Exercise objective
Working from the data below, write out exactly the lines from its first through the line that contains "Cartão bonito do", both ends included and pictures omitted.

Raw data
----------

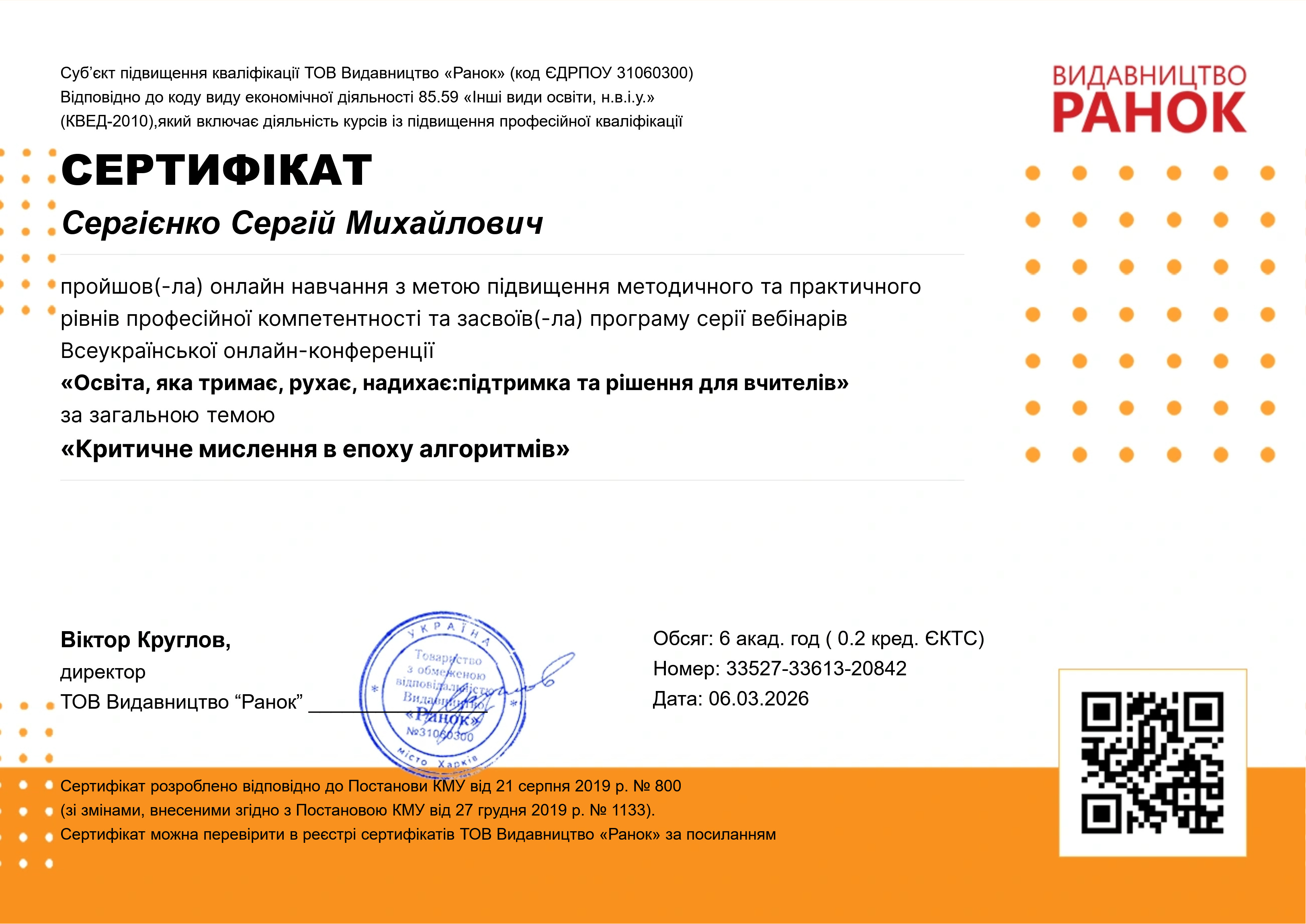 06.03.2026 Серія вебінарів Всеукраїнської онлайн-конференції "Освіта, яка тримає, рухає, надихає: підтримка та рішення для вчителів" за загальною темою "Критичне мислення в епоху алгоритмів", 6 годин. diploma
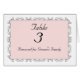 Cartão bonito do número da mesa da recepção de casamento feito no branco e no rosa. Um quadro de prata delicado do rolo cerca a área de texto cor-de-rosa. O texto é inteiramente customizável no estilo de pia batismal, nas cores, e nos tamanhos.
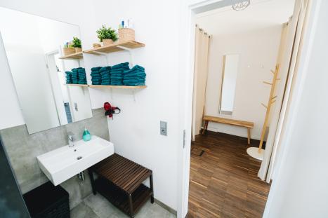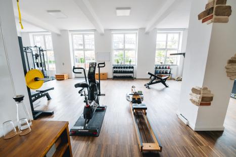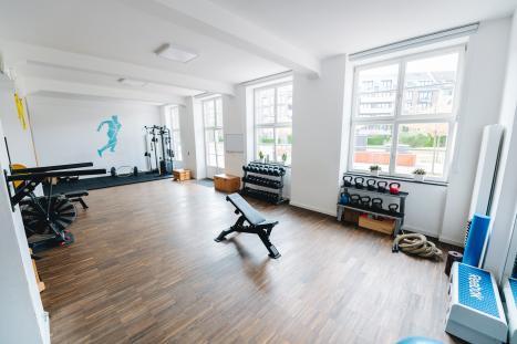 Unser Fitness Loft liegt in Düsseldorf Bilk in einer ruhigen Hinterhof- Parkanlage mit sehr guten & kostenlosen Parkmöglichkeiten. Der Raum ist 109 Quadratmeter groß und hat neben einem großen Fitnessraum, zwei Umkleiden, eine Dusche, WC und eine Küche. Besondere & ruhige Atmosphäre und geeignet für Trainer/-innen, Physiotherapeut/-innen und Kurs- Aktivitäten/ Seminare.

----------

Task answer
 06.03.2026 Серія вебінарів Всеукраїнської онлайн-конференції "Освіта, яка тримає, рухає, надихає: підтримка та рішення для вчителів" за загальною темою "Критичне мислення в епоху алгоритмів", 6 годин. diploma
 Cartão bonito do número da mesa da recepção de casamento feito no branco e no rosa. Um quadro de prata delicado do rolo cerca a área de texto cor-de-rosa. O texto é inteiramente customizável no estilo de pia batismal, nas cores, e nos tamanhos.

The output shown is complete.